** DATASET CONTENT **

_ _ _ _ _

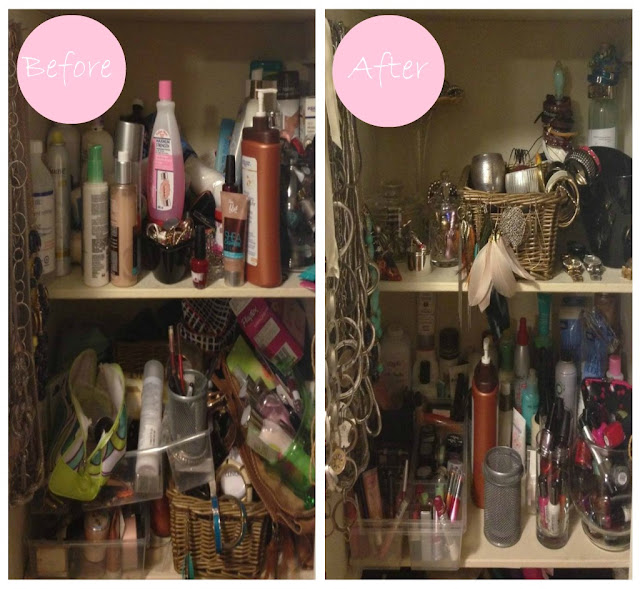 My make-up/accessories/linen closet has been one of these things; haunting me every weekend while I’m trying to do fun things (the nerve!) and every time I open it up to grab something (or throw my laundry in the basket below), I wanted to shudder. Then, instead of tackling it, I would quickly close the door and, well, run off and do something fun instead.
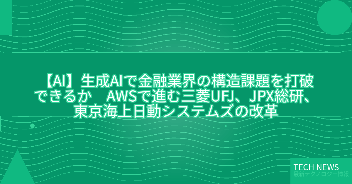 記事タイトル:生成AIで金融業界の構造課題を打破できるか AWSで進む三菱UFJ、JPX総研、東京海上日動システムズの改革
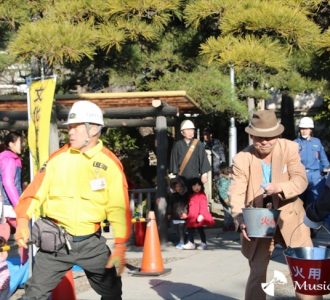 この日は、『男はつらいよ』シリーズで渥美清さんが演じる車寅次郎、“寅さん”のものまねを中心に活動する、お笑い芸人の野口寅次郎がバケツ消火隊長として演習に参加した。地元民がバケツリレーで消火活動演習をおこない、そのアンカーを務めた。
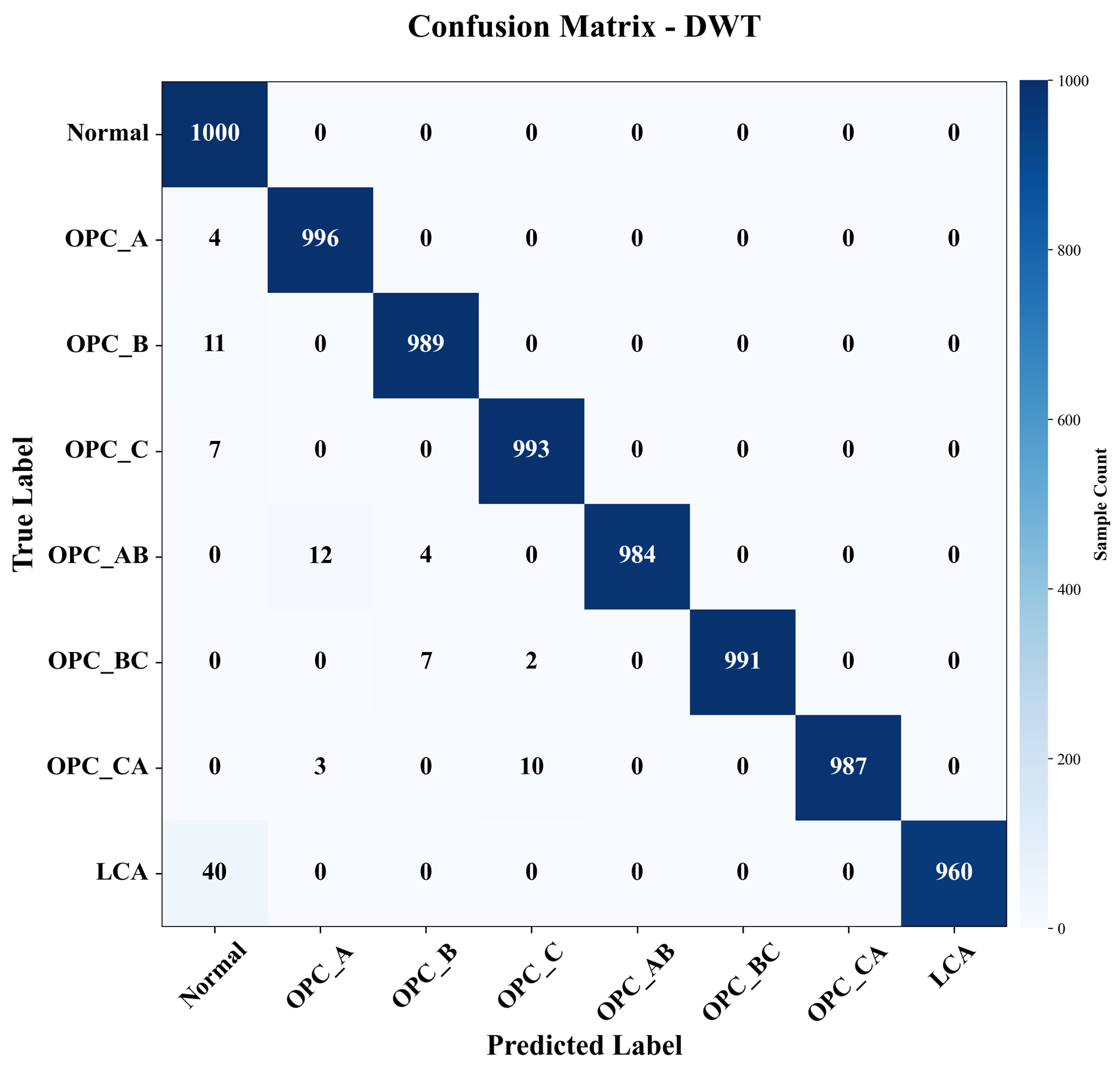 구간의 슬라이딩 창에 고장 특징이 충분히 포함되지 않아 모델이 경계 조건에서 혼동을 일으킬 수 있음을 보여준다. 또한 AB상 오분류의 경우 2단계

_ _ _ _ _

** WORK ORDER **
Beginning with the line that contains "記事タイトル:生成AIで金融" and ending with the last line of the data above, output those lines exactly and nothing more, without any pictures.

** EXPECTED ANSWER **
 記事タイトル:生成AIで金融業界の構造課題を打破できるか AWSで進む三菱UFJ、JPX総研、東京海上日動システムズの改革
 この日は、『男はつらいよ』シリーズで渥美清さんが演じる車寅次郎、“寅さん”のものまねを中心に活動する、お笑い芸人の野口寅次郎がバケツ消火隊長として演習に参加した。地元民がバケツリレーで消火活動演習をおこない、そのアンカーを務めた。
 구간의 슬라이딩 창에 고장 특징이 충분히 포함되지 않아 모델이 경계 조건에서 혼동을 일으킬 수 있음을 보여준다. 또한 AB상 오분류의 경우 2단계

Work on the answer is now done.